回憶青春,真有光陰虛度,年華空負之感,想來男人家壯志難酬,也無非是這樣。
跟前那媳婦還未說什么,毓秀便搭著腔進去,“太太何不叫大奶奶二奶奶多分擔些,免得自己累垮了身子,您的身子本來就不大好。”
桂太太忙叫她坐,笑道:“她們兩個到底年輕,何況屋里都有病人。”一面吩咐了茶,將屋里的人都打發了出去。
毓秀因見屋里沒了人,神色不免露出絲擔憂,“兆大爺的傷還沒好?”自兆林挨了打,她去瞧過一回,一來是忙,二來也不敢多去,怕人看出什么端倪。
桂太太端著茶正要呷,從翻起的茶碗蓋子里斜睇她一眼,寬慰道:“原是早該好的,只是他那個人常日在外野慣了,那日傷還沒好全,偏要出去,回來又將腰上的傷口扯裂了,這兩日又流出血,又是養著。大奶奶說他他哪里肯聽?一會你倒替我說說他去。”

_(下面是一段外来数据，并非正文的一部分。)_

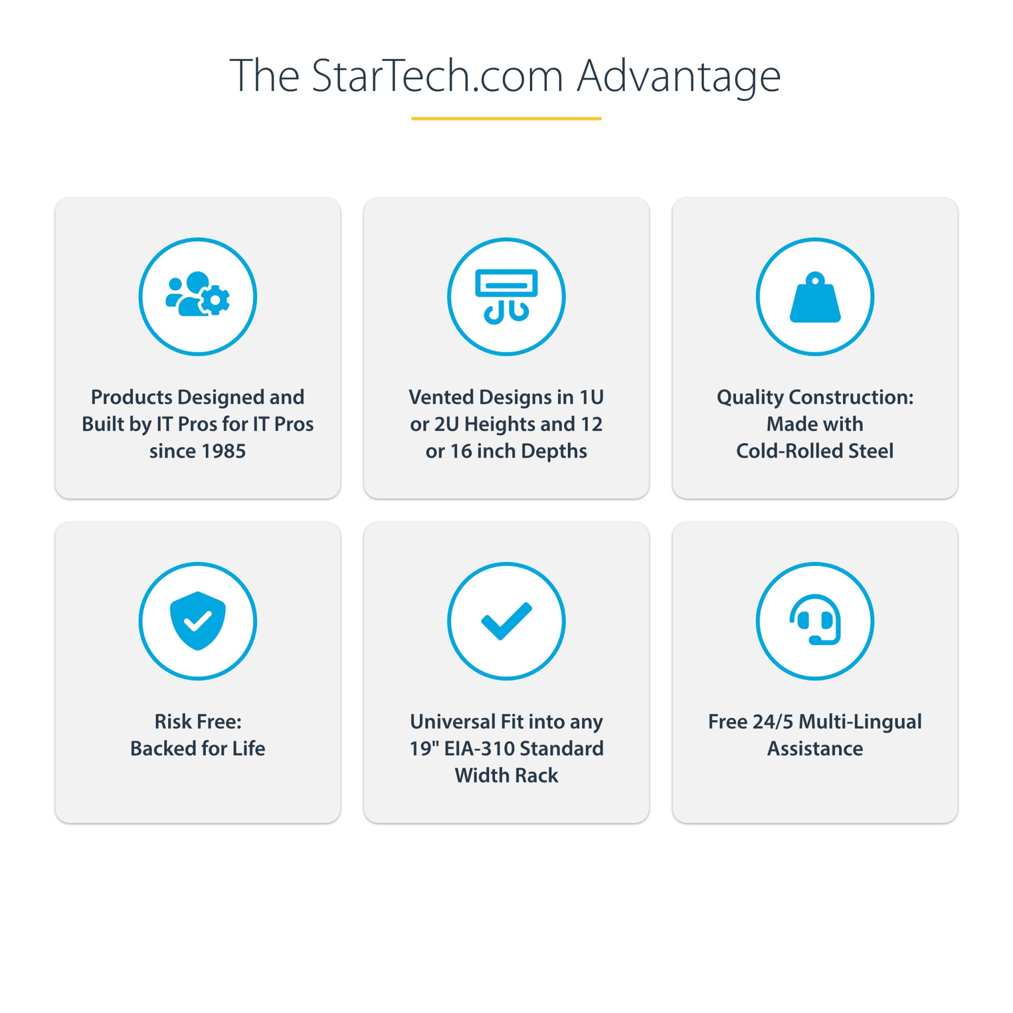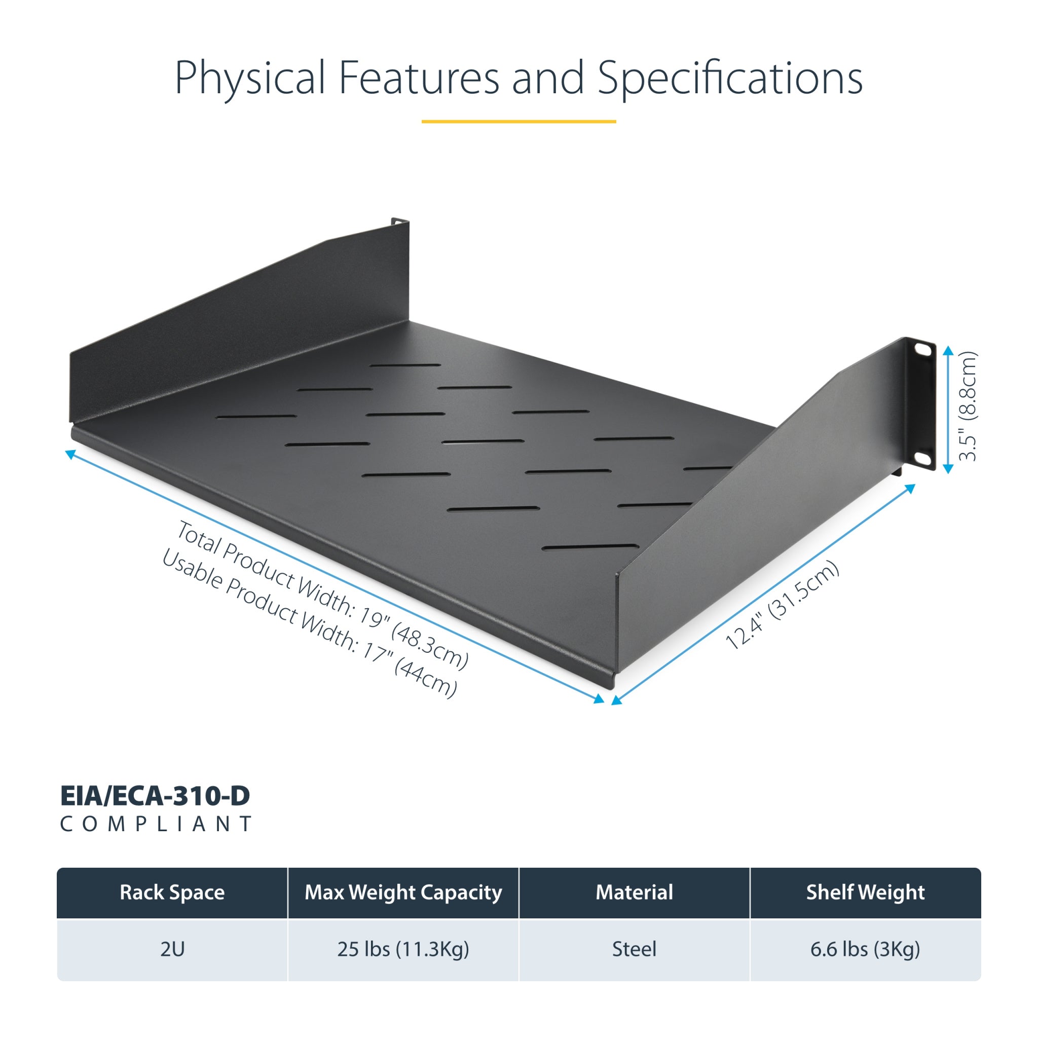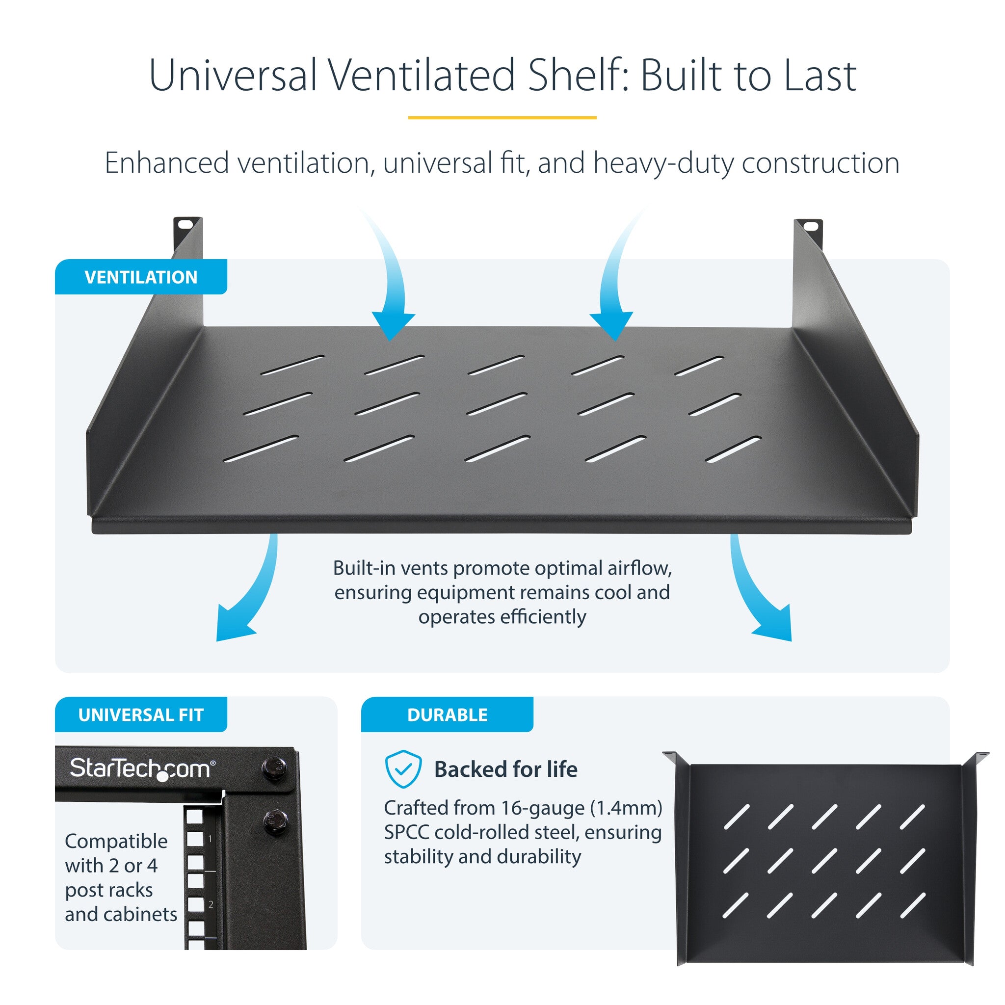 StarTech.com 2U Vented Server Rack Shelf, 12" (31.5cm) Mounting Depth, Cantilever Tray For 19" Rack/Cabinet, Heavy-Duty Steel, Up To 25lb/11.3kg, Includes Cage Nuts/Screws

毓秀那笑臉上浮起絲哀怨,“大奶奶管他他都不聽,怎么肯聽我一個丫頭的話?”
“咦!他倒肯聽你的勸呢。”桂太太朝她笑笑,放下茶碗來,“老太太怎么樣?”
毓秀抿著嘴搖頭,“還是說不好。”
接而是一段沉默,桂太太兩眼憂慮著往到對面墻上去,“這病也不知還要拖多久——”
拖著不好,還是拖著不死?她就是為等著老太太死,自己才久病不死。不然不甘心,一定要熬到出頭,哪怕就一天呢,也是勝利。何況她覺得身上好了許多了,愈發認定從前的病是給老太太壓迫出來的,只要熬過了老太太,沒準她從此也能長命百歲。如此思想,便有大病初愈似的松快。
毓秀明白她的意思,卻是攢眉搖頭,“我也不知道。興許還是靠那些藥拖著,既是藥嚜,總是有些效用。”
越到此刻,越叫人有種等不得的急迫。桂太太臉上漸漸冷透,帶著點狠意扭頭看著她。到底是“久病成良醫”的人,對藥理比常人稍懂,“你說得不錯,我看過聶太醫開的方,用了一味人參,一味黃芪。依我看,人參黃芪都是大補,老太太不一定受得住,如今是你親管著給老太太煎藥,索性把人參黃芪這兩味棄掉不用。”
棄了這兩味,下剩那些不過是輔藥,煎出來也不過是無用的湯水。
毓秀本有些猶豫,架不住桂太太一笑,“等日后老太太歸了西,你就到我跟前來服侍,還是府里一等一的執事大丫頭。你那男人,我就支他去管田莊上的事,他不在跟前,你也自在些。”
毓秀聽后也會心一笑,立起身來,“太太的話我記下了,趁這會天還沒黑,我先去瞧瞧兆大爺。”
不想此去,兆林不在家,也不知往哪里去了,翠華也是自忙得不得空理他。據說是新戀上了個粉頭,正是興興頭頭的時候,硬扛著身上的傷也要往人院中去。毓秀白走一趟,只得留下來和翠華說話。
說也說得心不在焉,看見那場院中黃昏鋪了一地,也是進進出出回話的婆子,卻像沒人,還是覺得那塊地方空。
老太太這院倒清靜下來,沒人再往這頭來回事,病的消息也沒往外傳,一時也無親友來探望。只三個小丫頭坐在廊廡底下說話,因背身在吳王靠上,沒看見玉漏打那前廳上進來,仍自顧自悄悄唧唧地在議論。
這個嘆道:“常說不常病的人,一病就是大病,可不是應在咱們老太太身上?我看這回像是有些難好了。”
那個愁道:“咱們老太太也算高壽了。只是不知她老人家一歸西,這滿院的人又如何處?是調去別處當差呢,還是打發了去?”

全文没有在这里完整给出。